A omissão do programa do governo

Tivemos nesta semana a discussão do programa do governo. Das muitas medidas apresentadas o que mais salta à vista é uma completa omissão em relação ao combate à corrupção. Pese embora haja um capítulo dedicado ao tema, a verdade é que tudo se resume a campanhas de sensibilização, a medidas programáticas (como a garantia de que "não se criam obscuridades legais") e códigos de conduta (cujo passado recente envolvendo o governo provou serem de utilidade e cumprimento duvidosos).

Não é um fenómeno exclusivo da classe política como, por vezes, querem fazer crer. É um problema cultural. Que começa desde a cultura da "cunha", do "favor", do "jeito", da "chamadazinha". Importa, por isso, começar desde cedo a contrariar esta realidade, daí que seja importante a introdução de uma cultura de integridade logo na escola.

Há, porém, muitos outros domínios onde devemos intervir. Bem sei que não há aqui soluções que possam agradar a toda a gente. O que pensa o governo sobre a criminalização do enriquecimento ilícito? Ou sobre os acordos de colaboração com a justiça?

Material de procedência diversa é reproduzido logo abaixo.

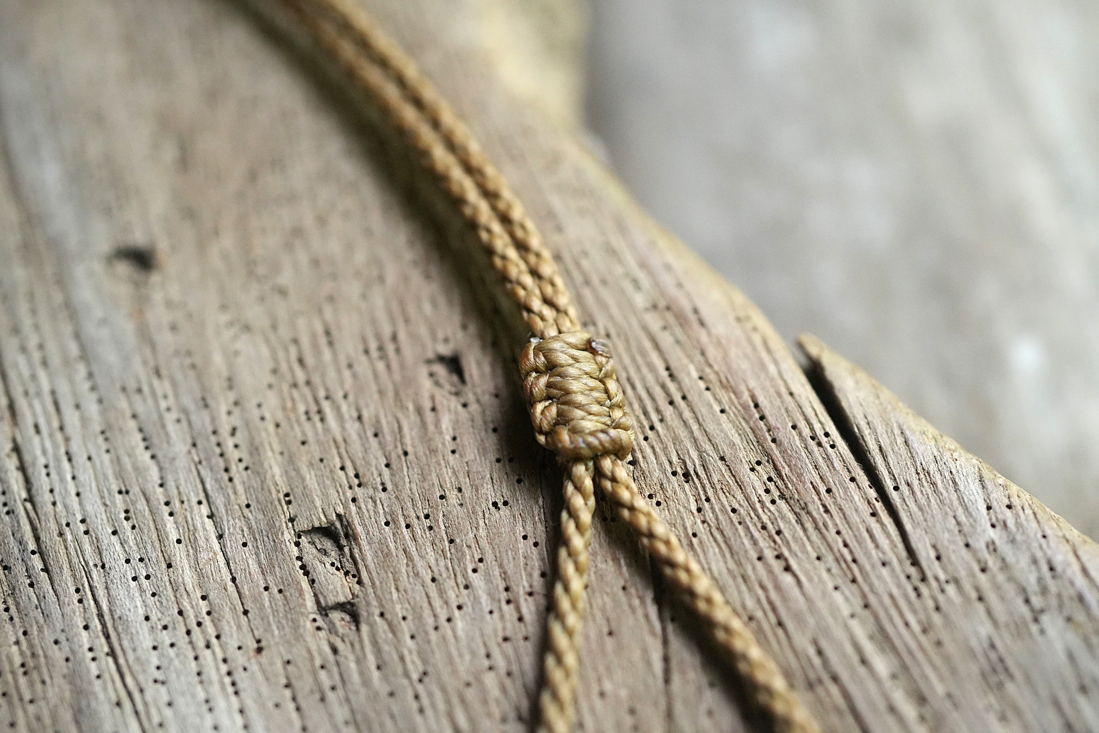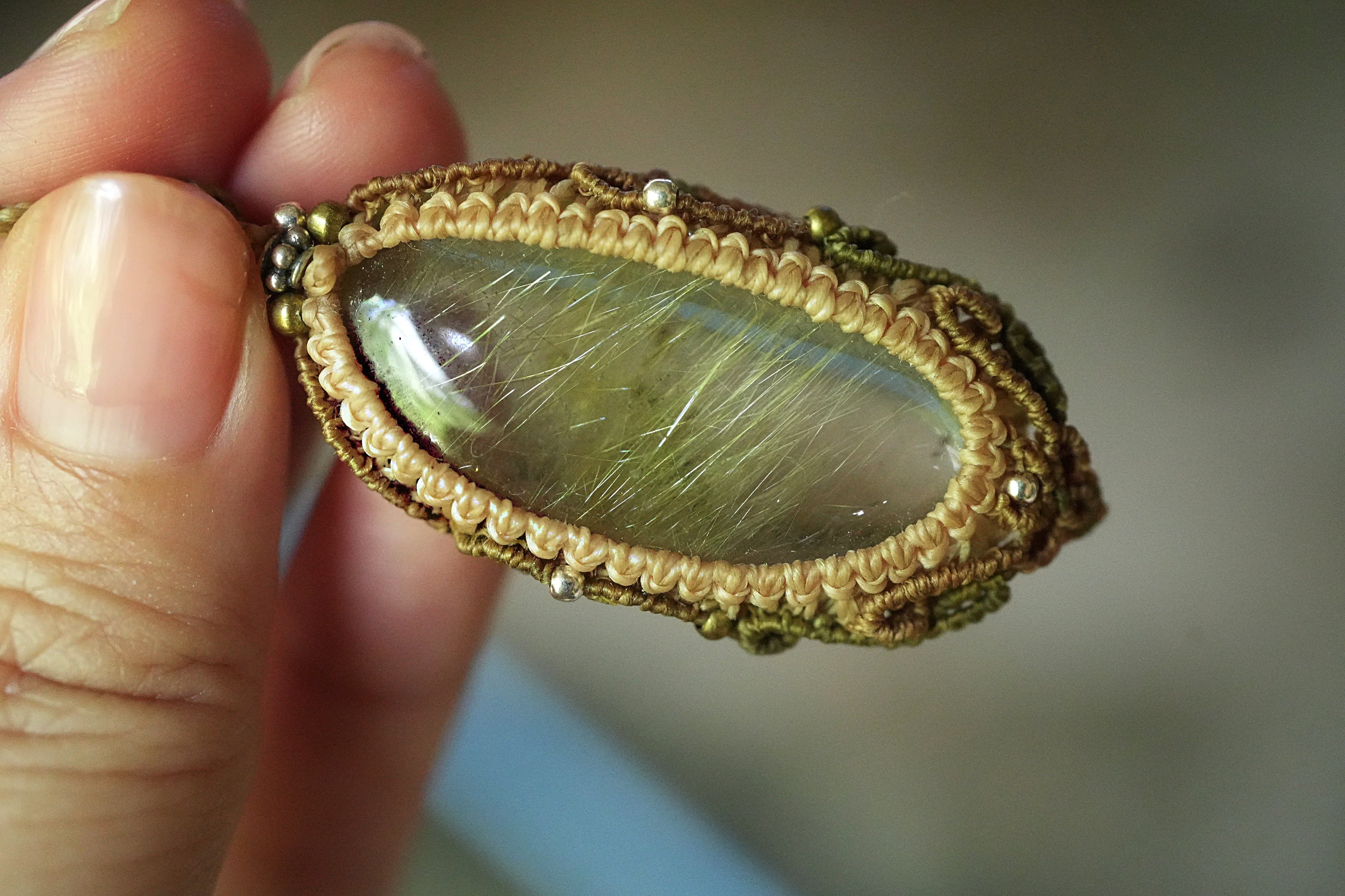 ◆このたびはキャラメル、ゴールドブラウン、オリーブ色の蝋引き糸を使用しマクラメ編み装飾を施しました。

Depois de uma legislatura falhada neste domínio, no campo da transparência espero estarem criadas as condições para a legalização do lobbying como um passo importante para o reforço da transparência. A sua legalização vai permitir melhorar a qualidade da decisão política, salvaguardar que os interesses legítimos possam ser representados em pé de igualdade, que exista efetivamente uma pegada legislativa e que consigamos saber quem e quais os interesses que influenciaram as políticas públicas em Portugal.

A elogiar há, no entanto, uma proposta que consta do programa do governo e que é há mais de um ano uma proposta da JSD: aqueles que forem condenados por crimes como o de corrupção ficarem inibidos por dez anos do exercício de funções públicas. Seria, a meu ver, um sinal moralizador do regime.

A organização não governamental Transparency International atribuiu a Portugal 63 pontos numa escala de 0 a 100, na qual os países com menores níveis de corrupção somam mais pontos e os países com maiores níveis de corrupção somam menos pontos. Esta qualificação faz de Portugal um país mediano no que ao combate à corrupção diz respeito.

O nosso país está abaixo da média da União Europeia e há vários anos que mantém (pelo menos desde 2010) praticamente a mesma posição no referido ranking.

O combate à corrupção deve ser um desígnio nacional. Mas deve envolver fortemente as novas gerações. Aquelas que estão muito desiludidas e que tendem a considerar que os políticos são todos iguais. E a nossa obrigação é contrariar essa perceção, fazendo que a política conquiste um novo espaço na vida das pessoas.